Само созерцание движущихся вод, волнистой поверхности гор в чем-то было аналогично действию музыки, танца, ритму повторяющегося заклинания – мантры; оно вырывало человека из-под власти реальности, погружало в состояние транса. Пусть нам сейчас трудно представить себе это, но в китайском средневековье восприятие мира в какой-то степени было медитативным – в том смысле, что оно постоянно существовало рядом с созерцательными упражнениями и формировалось под их влиянием. Потому-то описание волшебного полета над Поднебесной, куда-нибудь далеко-далеко, к священным горам, нередкое в поэзии древности и раннего средневековья, не было просто художественным приемом для того, чтобы воспеть красоту мира, – для поэта подобный полет подчас являлся такой же реальностью, как и восхождение в мир духов для прорицателя… Искусство это строилось совершенно на иных началах и видело мир иным.

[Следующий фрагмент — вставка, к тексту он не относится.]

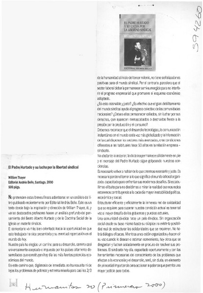 Autores chilenos - Thayer, William - Padre Hurtado y su lucha por la libertad sindical

В открывавшихся взгляду картинах природы средневековому китайцу виделись сложные знаки и символы, исполненные глубокого смысла. Там, где воображение угадывало нечто вроде очертаний змееподобного существа—дракона, который отождествлялся с идеей полета в бескрайних просторах, обосноваться считалось благоприятней всего. Вообще же место, относительно возвышавшееся над соседними, сулило приближение к току силы Ян, восходившему к небу, и соответственно – здоровье и счастье. В месте же низменном скорее всего должны были подстерегать беды… Китайцу казалось, что все возвышенное охвачено гигантским потоком живительного эфира, несущегося над миром. Даже через могилу в горах этот поток мог влиться в тело клана, продолжающегося в длинной череде поколений. Неважно, что человек уже отошел в тень смерти, – незримыми узами он оставался неразрывно связан со всеми своими потомками… Поднимаясь в горы, китаец чувствовал прилив творческого вдохновения, испытывал чувство духовного очищения, слияния собственной личности с вечным мирозданием…

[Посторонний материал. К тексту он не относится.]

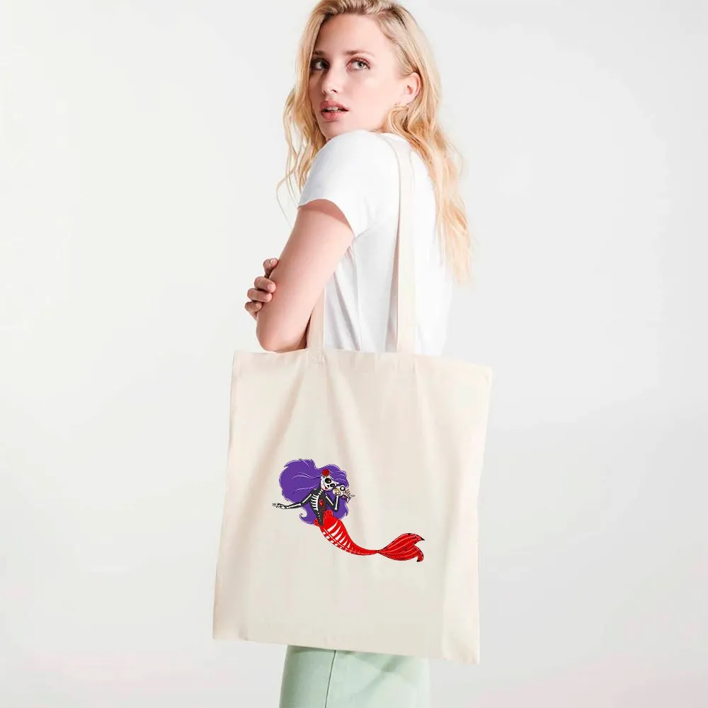 Tote bag made of cotton fabric in natural colour, with long handles in same colour tone.

Думы о бренности всего земного будили в китайском поэте стремление отрешиться от мирской суеты, приобщиться к вечному, особенно если он исповедовал учение Будды, и опять-таки уйти в горы, к чистой воде, где сам он обретет чистоту, покой, избавление or страстей. Образ отшельника, оставшегося "один на один" с "Великой Глыбой" мироздания., не просто дань «моде», привычный литературный персонаж." [88: с 6—11]. Эти слова И. С. Лисевича настолько точно отражают влияние буддизма и даосизма на литературные традиции Китая, что мы привели их полностью. Однако в дальнейшем формировании этих традиций большую роль сыграл также дзэн-буддизм.


1.3.3. Медитация в чань (дзэн) – буддизме

Чань-буддизм за долгую историю своего существования оказал огромное влияние на развитие китайской, японской и всей дальневосточной культуры. Исходно это течение возникло в форме эзотерической секты. Буддизм Махаяны разделился со временем на две большие ветви: возникли философские системы мадхьямика (II в.), основанная Нагарджуной, и йогачара (Виджнянавада), основанная братьями Асангой и Васубандху (IY – Y вв.). Йогачары развили концепцию исключительной значимости чистого сознания (виджняны), отвлеченного от всякого «мирского» содержания. Главная цель йога чаров – пребывание в состоянии просветления (бодхи), что достигается практикой йоги. Возникновение школы йогачаров послужило одной из предпосылок к выделению нового направления, известного как чань-буддизм. Слово «чань» (синонимом которого является санскритское «дхьяна» или в японском варианте – «дзэн») означает «созерцание, самопогружение». Основная роль в становлении чань-буддизма как самостоятельного течения, его развитии и дальнейшем распространении принадлежит индийскому проповеднику Бодхидхарме (YI в.). В основном тексте школы виджнянавада – «Ланкаватара-сутре», текст которой он завещал своему преемнику Хуэйкэ, указывается, что существует как постепенное, так и внезапное просветление. Первый путь подразумевает очищение загрязненного сознания, а второй имеет в виду неожиданный переворот в его глубинах, при котором сознание уподобляется зеркалу, способному отражать любые формы и образы внешнего мира [47].

Именно на внезапном озарении в результате интуитивного толчка акцентирует все основное внимание чань-буддизм, объявляя обрядность, храмы и культ святых канонического буддизма пустой тратой времени [28; 47; 111].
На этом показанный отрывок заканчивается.